*EXERCISE PROMPT*
Starting at the line that contains "5月2日,游人在位于山东青岛" in the listing below, write out every line word for word until you have written the line that contains "Ruuh Studios designs".

*DATA*
**********

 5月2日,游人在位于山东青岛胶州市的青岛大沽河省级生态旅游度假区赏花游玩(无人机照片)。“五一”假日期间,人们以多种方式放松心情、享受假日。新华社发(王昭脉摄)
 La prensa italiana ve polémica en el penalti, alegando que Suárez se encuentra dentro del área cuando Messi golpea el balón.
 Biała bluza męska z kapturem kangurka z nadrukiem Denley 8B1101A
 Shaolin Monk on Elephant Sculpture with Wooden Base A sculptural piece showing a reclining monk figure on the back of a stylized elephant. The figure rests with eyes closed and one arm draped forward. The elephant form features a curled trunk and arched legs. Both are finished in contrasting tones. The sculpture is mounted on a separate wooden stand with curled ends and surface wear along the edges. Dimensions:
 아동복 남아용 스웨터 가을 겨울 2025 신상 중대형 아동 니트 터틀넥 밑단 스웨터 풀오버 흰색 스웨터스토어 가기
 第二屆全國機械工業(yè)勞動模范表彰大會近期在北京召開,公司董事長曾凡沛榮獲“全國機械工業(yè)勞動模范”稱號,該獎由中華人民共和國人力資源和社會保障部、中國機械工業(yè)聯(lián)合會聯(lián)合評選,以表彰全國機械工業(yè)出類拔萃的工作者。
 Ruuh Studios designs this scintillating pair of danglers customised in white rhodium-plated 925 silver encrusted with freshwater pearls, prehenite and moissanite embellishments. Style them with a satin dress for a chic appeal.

**********

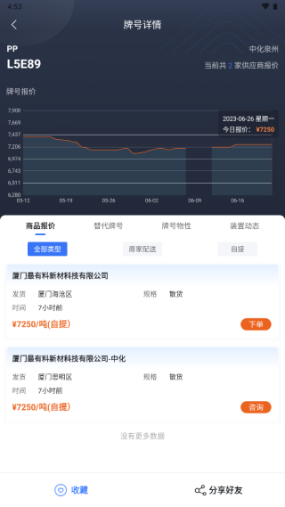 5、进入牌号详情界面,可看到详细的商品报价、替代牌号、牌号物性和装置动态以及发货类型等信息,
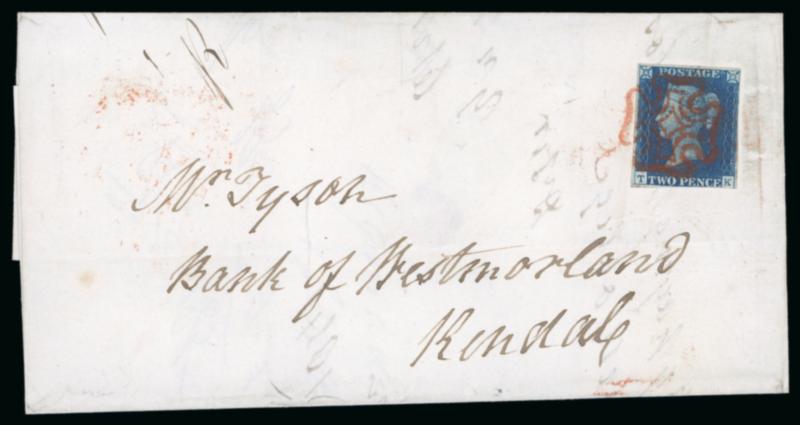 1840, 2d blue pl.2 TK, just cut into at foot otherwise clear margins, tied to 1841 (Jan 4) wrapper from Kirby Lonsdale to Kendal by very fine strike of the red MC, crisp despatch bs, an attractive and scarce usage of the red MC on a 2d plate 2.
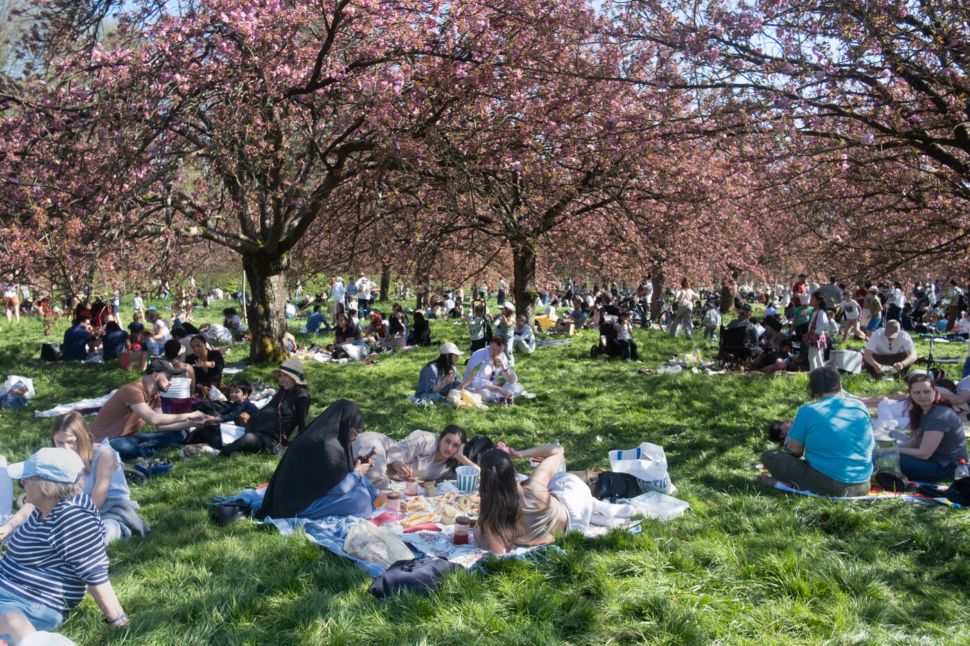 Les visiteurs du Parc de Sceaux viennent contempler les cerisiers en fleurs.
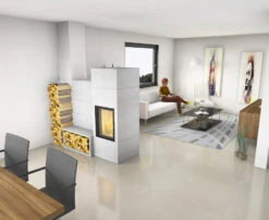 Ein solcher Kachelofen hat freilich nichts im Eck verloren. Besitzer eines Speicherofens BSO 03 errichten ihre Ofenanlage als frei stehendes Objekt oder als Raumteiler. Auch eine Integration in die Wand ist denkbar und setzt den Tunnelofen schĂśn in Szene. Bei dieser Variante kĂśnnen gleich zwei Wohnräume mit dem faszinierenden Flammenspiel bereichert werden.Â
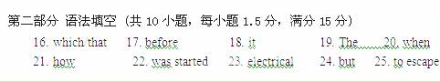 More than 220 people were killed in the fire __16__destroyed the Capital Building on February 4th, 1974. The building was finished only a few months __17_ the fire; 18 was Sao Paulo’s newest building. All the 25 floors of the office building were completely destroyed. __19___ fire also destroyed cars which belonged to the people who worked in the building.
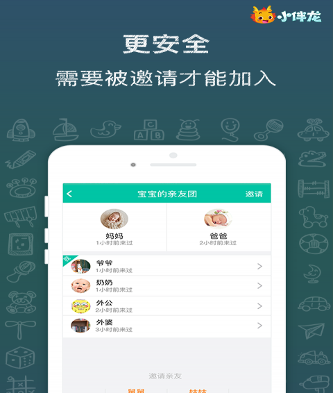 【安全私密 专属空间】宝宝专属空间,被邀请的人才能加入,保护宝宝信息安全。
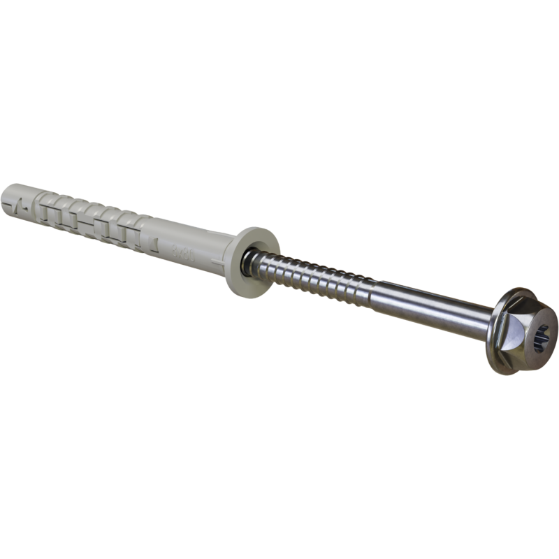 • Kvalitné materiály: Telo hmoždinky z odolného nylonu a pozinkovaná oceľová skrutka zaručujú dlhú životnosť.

**********

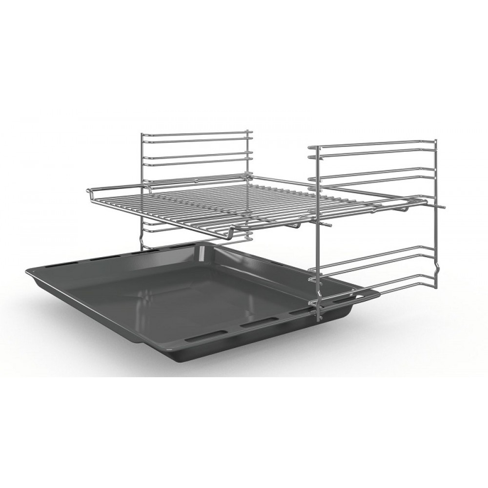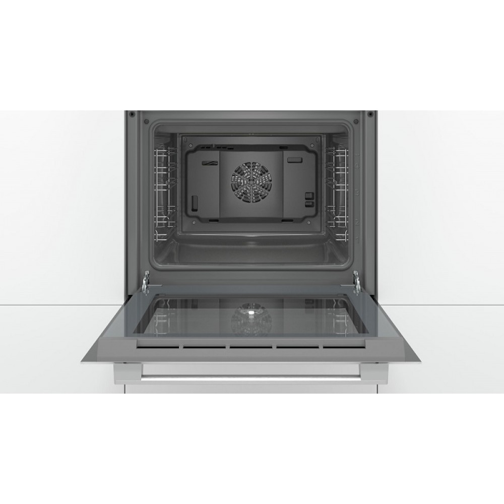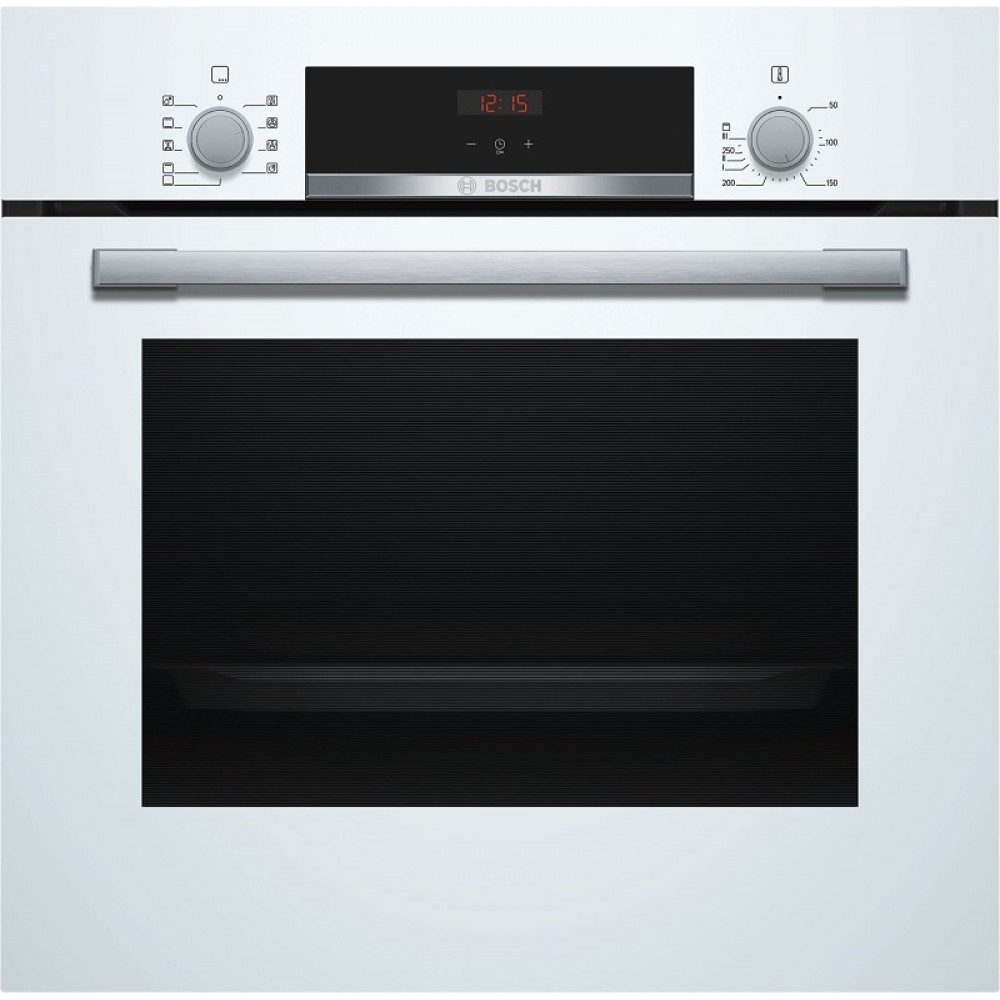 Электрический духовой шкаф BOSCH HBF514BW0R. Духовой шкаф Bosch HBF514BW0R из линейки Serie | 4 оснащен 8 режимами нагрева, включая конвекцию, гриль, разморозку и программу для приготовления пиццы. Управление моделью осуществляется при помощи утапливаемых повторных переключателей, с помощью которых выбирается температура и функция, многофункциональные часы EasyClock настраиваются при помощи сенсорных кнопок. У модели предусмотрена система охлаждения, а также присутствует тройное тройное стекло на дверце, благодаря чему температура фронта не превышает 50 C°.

**********

*RESPONSE AREA*
 5月2日,游人在位于山东青岛胶州市的青岛大沽河省级生态旅游度假区赏花游玩(无人机照片)。“五一”假日期间,人们以多种方式放松心情、享受假日。新华社发(王昭脉摄)
 La prensa italiana ve polémica en el penalti, alegando que Suárez se encuentra dentro del área cuando Messi golpea el balón.
 Biała bluza męska z kapturem kangurka z nadrukiem Denley 8B1101A
 Shaolin Monk on Elephant Sculpture with Wooden Base A sculptural piece showing a reclining monk figure on the back of a stylized elephant. The figure rests with eyes closed and one arm draped forward. The elephant form features a curled trunk and arched legs. Both are finished in contrasting tones. The sculpture is mounted on a separate wooden stand with curled ends and surface wear along the edges. Dimensions:
 아동복 남아용 스웨터 가을 겨울 2025 신상 중대형 아동 니트 터틀넥 밑단 스웨터 풀오버 흰색 스웨터스토어 가기
 第二屆全國機械工業(yè)勞動模范表彰大會近期在北京召開,公司董事長曾凡沛榮獲“全國機械工業(yè)勞動模范”稱號,該獎由中華人民共和國人力資源和社會保障部、中國機械工業(yè)聯(lián)合會聯(lián)合評選,以表彰全國機械工業(yè)出類拔萃的工作者。
 Ruuh Studios designs this scintillating pair of danglers customised in white rhodium-plated 925 silver encrusted with freshwater pearls, prehenite and moissanite embellishments. Style them with a satin dress for a chic appeal.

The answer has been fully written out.